[Records from a data collection]
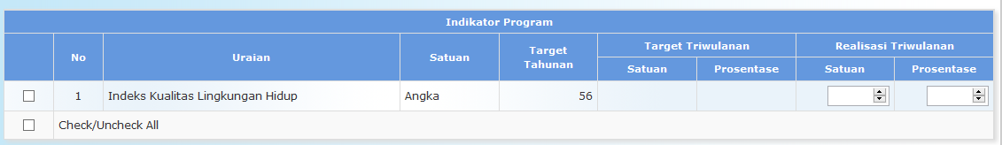 • Isikan nilai capaian realisasi indikator sasaran per triwulan, baik nilai realisasi persatuan dan realisasi secara prosentase. Nilai yang diisikan per triwulan tidak kumulatif
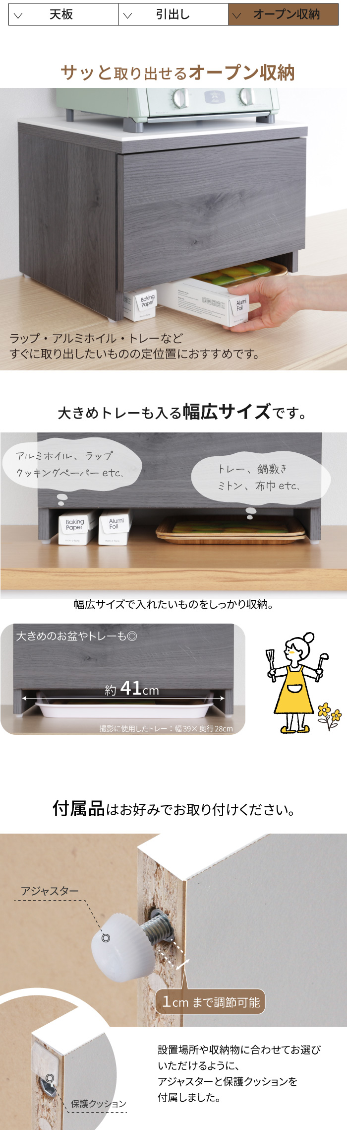 ・引出し下のオープン収納にはサッと取り出したいトレーやアルミホイルを
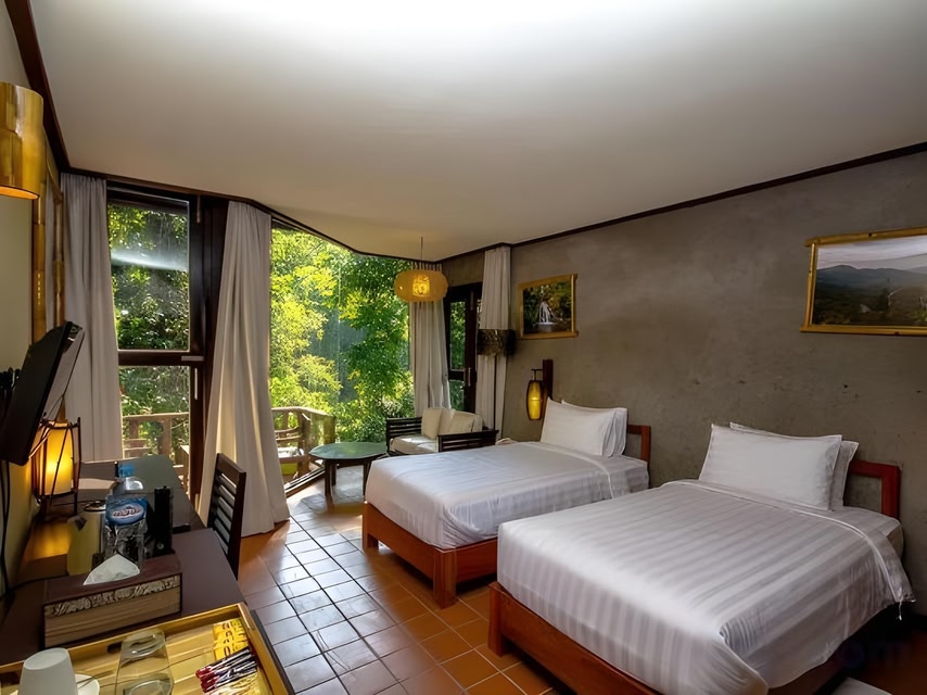Namkat Yorla Pa Resort has an outdoor swimming pool, fitness centre, a garden and terrace in Ban Kat. Among the facilities of this property are a restaurant, a shared kitchen and room service, along with free WiFi.
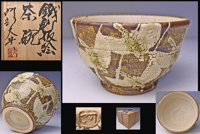 > 阿部文貴 ★ 益子焼 鉄砂 抜絵 茶碗 ★ 共箱 ★ 抜絵の蝶群が雅で梅花皮も見られる景色豊かな逸品 ★ 民芸陶 茶道具 ★
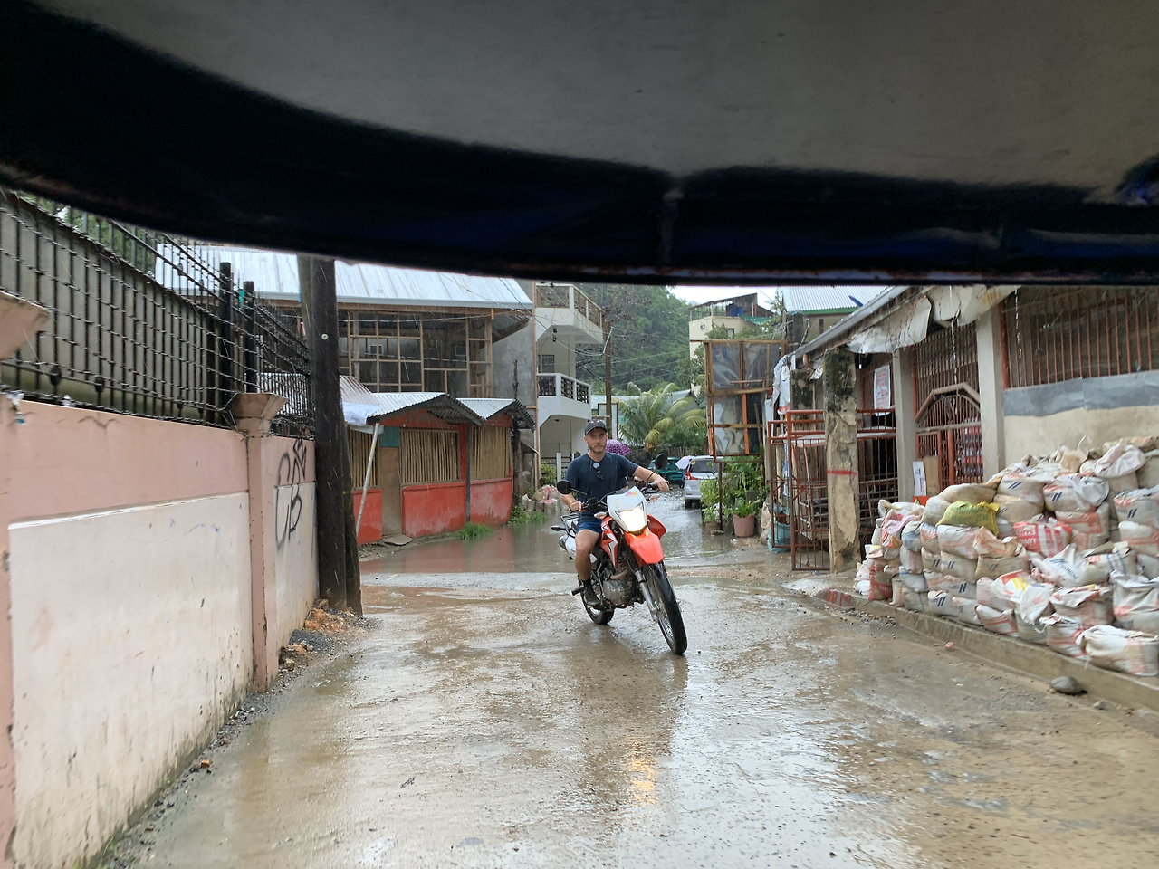 아저씨는 일찌감치 나와 있었다. 보트는 자기 집 앞에 정박해 있다며. 비바람에 모터바이크를 세워둘 수 없어 아저씨 집에 주차하기로 한다. 나는 트라이시클을 타고, 니콜라스는 물에 젖은 생쥐처럼 트라이시클을 따라온다.

What you have to do:
Return the lines from the one containing "抜絵の蝶群が雅で梅花皮も見られる景色豊かな逸品 ★ 民芸陶 茶道具 ★" through the last line of the records, both included, exactly as written and with no pictures.

Problem solution:
 > 阿部文貴 ★ 益子焼 鉄砂 抜絵 茶碗 ★ 共箱 ★ 抜絵の蝶群が雅で梅花皮も見られる景色豊かな逸品 ★ 民芸陶 茶道具 ★
 아저씨는 일찌감치 나와 있었다. 보트는 자기 집 앞에 정박해 있다며. 비바람에 모터바이크를 세워둘 수 없어 아저씨 집에 주차하기로 한다. 나는 트라이시클을 타고, 니콜라스는 물에 젖은 생쥐처럼 트라이시클을 따라온다.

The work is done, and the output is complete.